The types of plating are shown only for some metals, but any type of metal may be used, and the method may be acidic plating, basic plating, or electrolytic plating. Either plating or electroless plating may be used.

Further, Ag-P is used as a material for the internal electrodes 2.
Some examples such as d are shown, but Ag, Pd, Pt, Ni, C
It may be one or more kinds of metals, alloys or oxides of u, Zn and In.

In this example, the high resistance layer was formed so as to have a thickness of about 4 μm except the portion where the external electrode 3 was formed on the surface of the device.

In this embodiment, a laminated ceramic element is shown as an example, but the same effect can be obtained with a ceramic element having another shape such as a disk type.

[0027]

As described above, according to the present invention, since the pores on the surface of the ceramic element are filled with silica to seal the pores, moisture and unnecessary ions can be prevented from entering the inside of the ceramic element.

Further, since a mixture of silicon metaphosphate and silica powder has solvent resistance, acid resistance, alkali resistance and heat resistance, silica is the main component on the surface of the ceramic element excluding the electrode forming portion. By forming a high-resistance layer that protects the sealed part, it is possible to reinforce the part that has been stopped and also to attach unnecessary ions and water to the surface of the ceramic element,
It is possible to further prevent intrusion into the interior. Then, it is possible to prevent the ceramic element from being damaged during plating or soldering. Further, since the internal electrodes do not cause migration when a current is loaded, it is possible to prevent deterioration of characteristics such as capacitance and varistor voltage.

Further, since the present invention is easy in terms of process, the practical effect is extremely large.

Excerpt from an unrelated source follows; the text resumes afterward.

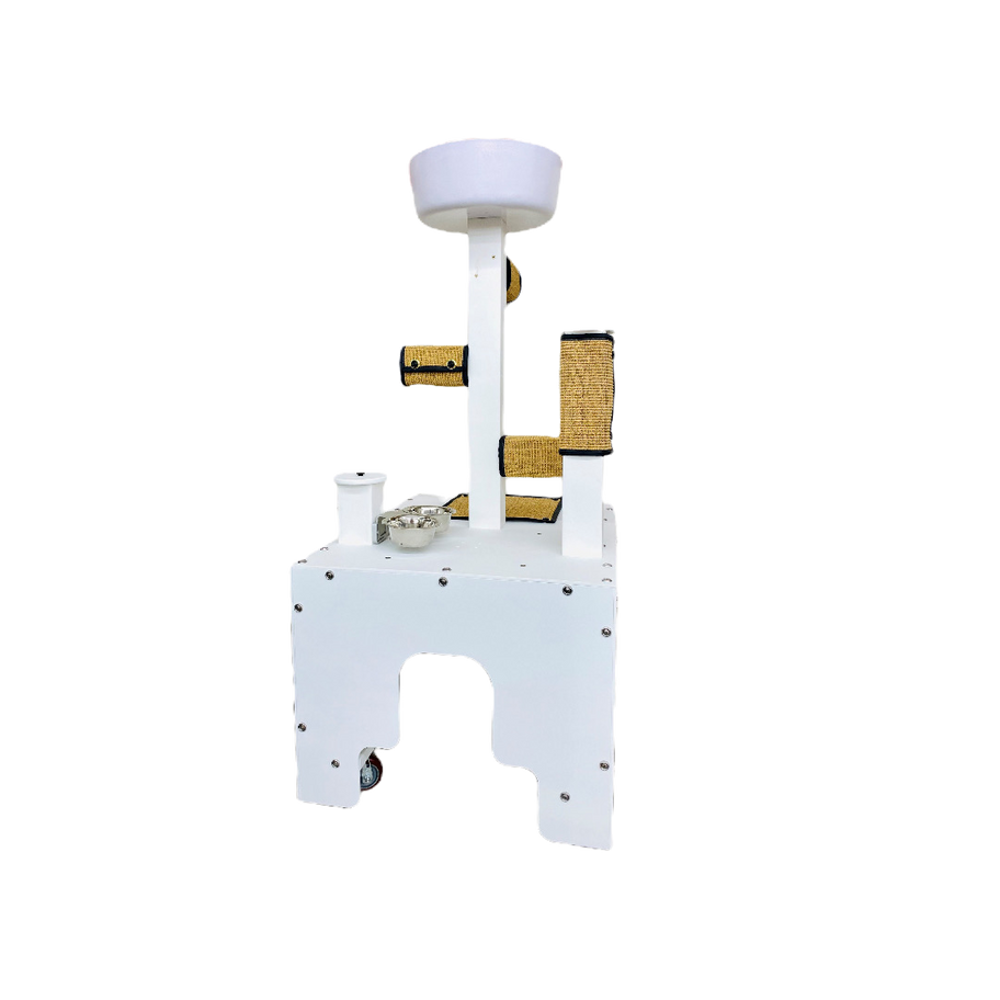 Our Catio Console is the perfect multi-purpose unit for your catio! Made of HDPE and ABS plastics, with stainless steel hardware and casters to withstand all weather. Won’t yellow in the sun! This unit provides a place to rest, multiple areas to scratch, food/water bowls, and a hidden compartment to store the litter box within!

[Brief description of drawings]

FIG. 1 is a partially cutaway perspective view of a multilayer ceramic element according to an embodiment of the present invention.

FIG. 2 is a manufacturing process diagram of a multilayer ceramic element according to an embodiment of the present invention.

FIG. 3 is an exploded perspective view of a ceramic element according to an embodiment of the present invention.

[Explanation of symbols]

 1 Ceramic layer 3 External electrode 6 High resistance layer

Claims (2)

[Claims] 1. A ceramic element comprising: a ceramic element; and a hardened paste of silicon metaphosphate and silica powder embedded in at least open pores on the surface of the ceramic element. 2. A method of manufacturing a ceramic element in which at least open pores on the surface of the ceramic element are covered with a paste in which silicon metaphosphate and silica powder are mixed and then the paste is cured.